Mas se a puseram à margem, essa cultura se espalha de forma literalmente marginal. A Bacia do Amazonas, a maior da Terra, tem 25 mil km de rios navegáveis. Muito antes da invenção da internet era por essa via que ela já circulava e os amazônidas trocavam informações, formando uma espécie de rede. Quem já teve o prazer de fazer uma viagem de barco entre Manaus e Belém, as duas maiores cidades da região, é testemunha desse intercâmbio e diversidade. Cada cidade, comunidade ou povoado tem suas peculiaridades. E mesmo os povos mais antigos sabem que a cultura é dinâmica e que todo conhecimento tem sua utilidade.
A virada cultural pelo Dia da Amazônia acontece não só em cidades da região, como Belém, Manaus, Macapá e Santarém, mas em outras espalhadas pelo Brasil, porque preservar a maior floresta tropical do planeta é do interesse de todos os brasileiros: São Luís, Rio de Janeiro, São Paulo e Belo Horizonte também estão na lista. A intensa programação terá atrações gratuitas que vão dos shows musicais a cine-debates, saraus, passeios e mobilização nas ruas; um conglomerado multicultural com mais de 520 atividades espalhadas por 22 estados brasileiros.
Arte e ciência também têm um caráter subversivo do bem, ambas têm o poder de passar mensagens subliminares, que são compreendidas somente por seus destinatários. “A gente acredita no poder da cultura de transformação social, de movimentar imaginários e atingir diversos territórios. A cultura é capaz de ‘hackear’ os sistemas e, através de sua voz, a gente pode falar coisas que muitas vezes são censuradas. Historicamente, a cultura tem um papel muito importante em movimentos sociais e políticos”, explica Helena Ramos, uma das coordenadoras da iniciativa.

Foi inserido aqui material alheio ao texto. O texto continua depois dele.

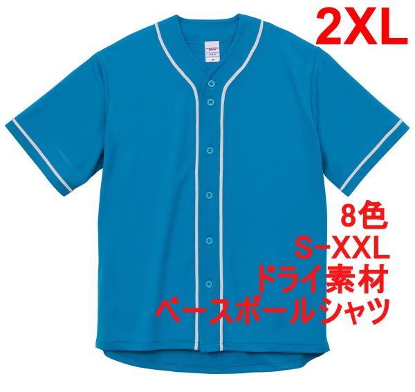- ベースボールシャツ XXL ターコイズ ブルー 野球 ユニフォーム 無地 ドライ ドライ素材 吸水 速乾 シンプル ベーシック A2031 2XL 3L 水色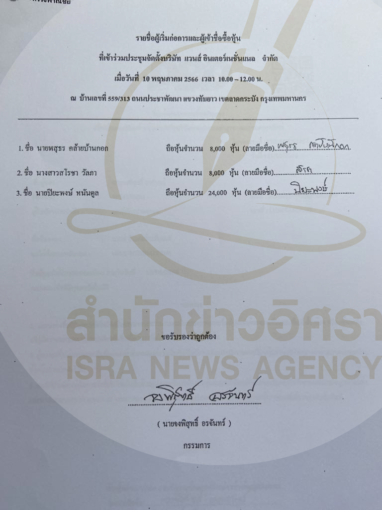 3.บริษัท แวนส์ อินเตอร์เนชั่นแนล จำกัด จดทะเบียนวันที่ 12 พฤษภาคม 2566 ทุน 4 ล้านบาท ประกอบกิจการขายปลีกผักและผลไม้ ที่ตั้งเลขที่ 559/313 ถ.ประชาพัฒนา แขวงทับยาว เขตลาดกระบัง กรุงเทพฯ นายจงพิสุทธิ์ อนจันทร์ อายุ 31 ปี แจ้งที่อยู่ หมู่ 7 ต.เทพารักษ์ อ.เมืองสมุทรปราการ จ.สมุทรปราการ เป็นกรรมการ นายปิยะพงษ์ หนันดูล ถือหุ้นใหญ่ 24,000 หุ้น ( อายุ 33 ปีแจ้งที่อยู่ หมู่ที่ 3 ต.สระบัว อ.ปทุมรัตน์ จ.ร้อยเอ็ด ) นายพสุธร คล้ายบ้านกอก (กรรมการก่อตั้ง บริษัท ลาโดร่า จำกัด) และผู้ถือหุ้นชาวไทยอีก 1 คน รวมถือหุ้น รวมเป็น 3 คน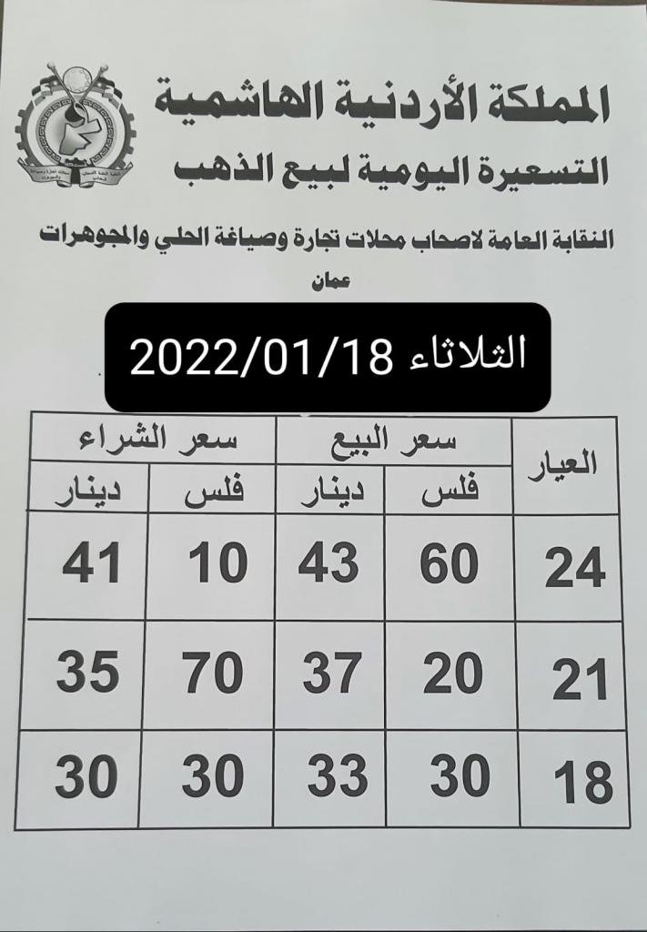 وبحسب التسعيرة اليومية الصادرة عن النقابة العامة لأصحاب محال تجارة وصياغة الحلي والمجوهرات فقد استقر سعر بيع الغرام الواحد من عيار 21 قيراط الأكثر طلبا بين المواطنين عند 37.2 دينارا، والشراء عند 35.7 دينارا.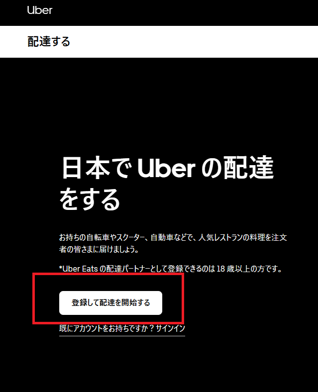 Uber Eatsの配達を行う為にはUber Driverのアカウント登録が必要になります。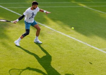 El serbio Novak Djokovic se entrenó este domingo por primera vez en Wimbledon, después de la intervención en el menisco...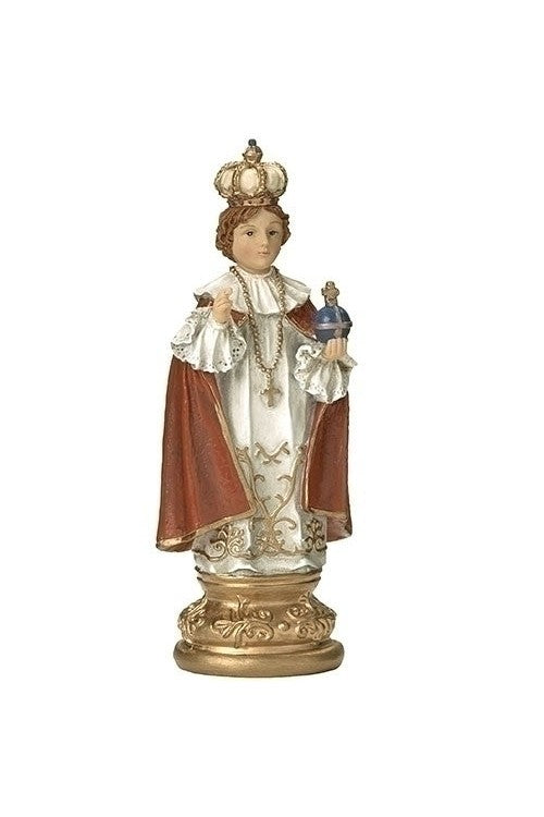 Unit price per4"Infant Of Prague by Joseph Studio. From their Renaissance Collection, this Infant Of Prague statue is hand painted to perfection in a beautiful color finish in resin and stone. Great as a gift or for your own home. Dimensions: 4"H x 2.125"W x 1.375"D

A mobilização pró-Amazônia pretende validar a cultura como uma ferramenta de luta pela proteção da floresta e, principalmente, pelo reconhecimento dos povos tradicionais que ajudam a manter essa biodiversidade. E esse reconhecimento começa com a garantia de proteção desses territórios, por meio da demarcação de terras indígenas, titulação de comunidades quilombolas e defesa de outras áreas de proteção ambiental onde vivem ribeirinhos, extrativistas e tantos outros povos amazônicos. Reconhecidamente os guardiões da floresta, as populações tradicionais são capazes de frear a derrubada da mata nativa e, assim, preservar essas áreas altamente vulneráveis. Uma das principais metas da virada cultural Amazônia de Pé é justamente turbinar essa colheita.
“Somos a última geração que pode salvar a Amazônia”, diz o mote da mobilização. Sentiram a responsa? “A ideia é que, na semana do Dia da Amazônia, todos os equipamentos culturais, todos os artistas, onde quer que estejam, falem sobre isso”, diz Helena. Ou seja, o convite é aberto a todos. Mais do que nunca, a Floresta Amazônica precisa que a gente ponha a boca no trombone – e no microfone.
*Vinícius Leal – jornalista com experiência em produção de notícias, redes sociais e comunicação estratégica em meio ambiente e povos tradicionais – é correspondente na Amazônia da Uma Gota no Oceano.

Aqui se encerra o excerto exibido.